Aim of the task = May I have the lines from the one containing "Zestaw szuflad z" to the end of the entries, returned exactly and with nothing else?
(Extracted information)
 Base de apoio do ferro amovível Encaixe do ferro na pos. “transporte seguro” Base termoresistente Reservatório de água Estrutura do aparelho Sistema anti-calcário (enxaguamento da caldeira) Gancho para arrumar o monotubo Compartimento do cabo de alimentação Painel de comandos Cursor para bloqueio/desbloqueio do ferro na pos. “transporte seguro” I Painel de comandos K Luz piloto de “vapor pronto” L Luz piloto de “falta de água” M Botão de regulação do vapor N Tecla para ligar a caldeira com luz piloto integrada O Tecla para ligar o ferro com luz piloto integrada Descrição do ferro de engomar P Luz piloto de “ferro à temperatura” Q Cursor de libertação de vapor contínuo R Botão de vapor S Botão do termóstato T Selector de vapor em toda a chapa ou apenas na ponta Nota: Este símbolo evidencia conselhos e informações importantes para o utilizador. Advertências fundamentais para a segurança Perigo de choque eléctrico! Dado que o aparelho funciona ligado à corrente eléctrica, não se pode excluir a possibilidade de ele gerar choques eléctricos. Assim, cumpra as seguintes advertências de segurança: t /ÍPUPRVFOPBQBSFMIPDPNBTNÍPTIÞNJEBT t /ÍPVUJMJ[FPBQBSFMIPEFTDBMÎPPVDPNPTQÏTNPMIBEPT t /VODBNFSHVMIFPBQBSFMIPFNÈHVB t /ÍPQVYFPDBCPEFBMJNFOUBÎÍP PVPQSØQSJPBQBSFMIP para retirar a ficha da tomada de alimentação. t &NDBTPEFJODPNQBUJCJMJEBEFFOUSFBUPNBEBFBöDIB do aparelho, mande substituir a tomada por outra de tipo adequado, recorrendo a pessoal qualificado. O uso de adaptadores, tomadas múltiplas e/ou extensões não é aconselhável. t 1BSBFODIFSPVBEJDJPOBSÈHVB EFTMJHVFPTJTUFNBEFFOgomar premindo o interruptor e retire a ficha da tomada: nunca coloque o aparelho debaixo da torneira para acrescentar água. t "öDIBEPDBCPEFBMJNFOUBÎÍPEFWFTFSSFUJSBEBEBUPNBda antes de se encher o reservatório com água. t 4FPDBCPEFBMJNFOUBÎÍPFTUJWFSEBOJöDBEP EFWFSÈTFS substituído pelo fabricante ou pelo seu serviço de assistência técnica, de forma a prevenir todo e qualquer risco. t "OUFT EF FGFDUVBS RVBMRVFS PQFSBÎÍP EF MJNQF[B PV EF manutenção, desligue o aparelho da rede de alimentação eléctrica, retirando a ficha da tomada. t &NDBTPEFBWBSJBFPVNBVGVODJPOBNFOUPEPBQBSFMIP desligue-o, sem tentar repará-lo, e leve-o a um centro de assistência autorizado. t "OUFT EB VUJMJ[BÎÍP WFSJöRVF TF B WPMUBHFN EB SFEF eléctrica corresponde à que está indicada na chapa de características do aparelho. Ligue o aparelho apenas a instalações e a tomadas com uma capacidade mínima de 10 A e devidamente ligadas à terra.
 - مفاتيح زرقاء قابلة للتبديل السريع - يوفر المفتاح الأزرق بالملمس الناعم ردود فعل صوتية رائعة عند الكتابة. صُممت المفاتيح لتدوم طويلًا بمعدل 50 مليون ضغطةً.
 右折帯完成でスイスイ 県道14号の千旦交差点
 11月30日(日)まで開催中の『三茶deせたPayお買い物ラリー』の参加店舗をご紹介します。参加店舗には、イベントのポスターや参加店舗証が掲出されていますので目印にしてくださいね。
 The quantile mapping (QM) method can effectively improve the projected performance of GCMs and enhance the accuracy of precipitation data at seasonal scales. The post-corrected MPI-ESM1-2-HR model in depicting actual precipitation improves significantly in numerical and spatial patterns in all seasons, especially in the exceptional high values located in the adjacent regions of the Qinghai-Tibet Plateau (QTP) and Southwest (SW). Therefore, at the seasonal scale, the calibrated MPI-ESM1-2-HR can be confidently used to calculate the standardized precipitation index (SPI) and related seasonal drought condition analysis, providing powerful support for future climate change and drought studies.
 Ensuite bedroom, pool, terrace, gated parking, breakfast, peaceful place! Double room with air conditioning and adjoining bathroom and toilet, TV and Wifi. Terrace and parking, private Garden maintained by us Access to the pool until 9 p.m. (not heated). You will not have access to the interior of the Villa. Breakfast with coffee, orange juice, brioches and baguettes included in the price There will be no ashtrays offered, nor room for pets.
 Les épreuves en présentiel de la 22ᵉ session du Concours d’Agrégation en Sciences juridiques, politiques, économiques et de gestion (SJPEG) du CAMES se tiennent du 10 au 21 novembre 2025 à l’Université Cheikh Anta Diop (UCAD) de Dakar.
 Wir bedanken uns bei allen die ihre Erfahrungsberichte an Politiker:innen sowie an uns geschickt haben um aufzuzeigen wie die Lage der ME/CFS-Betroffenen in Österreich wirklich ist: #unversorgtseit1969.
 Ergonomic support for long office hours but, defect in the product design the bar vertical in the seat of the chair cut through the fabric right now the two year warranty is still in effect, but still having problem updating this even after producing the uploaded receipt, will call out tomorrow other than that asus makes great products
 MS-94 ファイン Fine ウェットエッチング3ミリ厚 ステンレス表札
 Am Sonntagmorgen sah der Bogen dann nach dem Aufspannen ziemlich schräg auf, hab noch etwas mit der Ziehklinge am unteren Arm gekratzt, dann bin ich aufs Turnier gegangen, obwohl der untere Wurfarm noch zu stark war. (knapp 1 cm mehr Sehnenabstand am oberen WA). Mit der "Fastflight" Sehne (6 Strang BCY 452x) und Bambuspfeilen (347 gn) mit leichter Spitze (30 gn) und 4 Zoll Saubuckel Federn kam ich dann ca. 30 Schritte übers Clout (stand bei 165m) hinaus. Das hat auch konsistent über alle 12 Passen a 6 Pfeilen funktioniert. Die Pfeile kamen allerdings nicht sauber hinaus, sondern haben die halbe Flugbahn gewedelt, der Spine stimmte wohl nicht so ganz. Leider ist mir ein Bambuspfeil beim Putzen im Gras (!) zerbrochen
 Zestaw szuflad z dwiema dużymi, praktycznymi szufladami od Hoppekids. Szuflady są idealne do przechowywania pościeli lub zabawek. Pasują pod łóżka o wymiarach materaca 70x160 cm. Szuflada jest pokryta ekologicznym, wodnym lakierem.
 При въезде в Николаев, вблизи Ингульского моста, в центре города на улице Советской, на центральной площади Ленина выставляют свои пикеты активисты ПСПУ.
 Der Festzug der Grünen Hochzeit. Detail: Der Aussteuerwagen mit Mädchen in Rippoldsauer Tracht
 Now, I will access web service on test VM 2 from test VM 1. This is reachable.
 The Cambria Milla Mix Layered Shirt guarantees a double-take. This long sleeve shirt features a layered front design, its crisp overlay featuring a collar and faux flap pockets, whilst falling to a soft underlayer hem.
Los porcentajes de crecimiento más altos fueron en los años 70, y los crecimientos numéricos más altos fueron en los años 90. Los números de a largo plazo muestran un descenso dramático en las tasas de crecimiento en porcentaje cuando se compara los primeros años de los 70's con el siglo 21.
(End Extracted information)
Exercise response =
 Zestaw szuflad z dwiema dużymi, praktycznymi szufladami od Hoppekids. Szuflady są idealne do przechowywania pościeli lub zabawek. Pasują pod łóżka o wymiarach materaca 70x160 cm. Szuflada jest pokryta ekologicznym, wodnym lakierem.
 При въезде в Николаев, вблизи Ингульского моста, в центре города на улице Советской, на центральной площади Ленина выставляют свои пикеты активисты ПСПУ.
 Der Festzug der Grünen Hochzeit. Detail: Der Aussteuerwagen mit Mädchen in Rippoldsauer Tracht
 Now, I will access web service on test VM 2 from test VM 1. This is reachable.
 The Cambria Milla Mix Layered Shirt guarantees a double-take. This long sleeve shirt features a layered front design, its crisp overlay featuring a collar and faux flap pockets, whilst falling to a soft underlayer hem.
Los porcentajes de crecimiento más altos fueron en los años 70, y los crecimientos numéricos más altos fueron en los años 90. Los números de a largo plazo muestran un descenso dramático en las tasas de crecimiento en porcentaje cuando se compara los primeros años de los 70's con el siglo 21.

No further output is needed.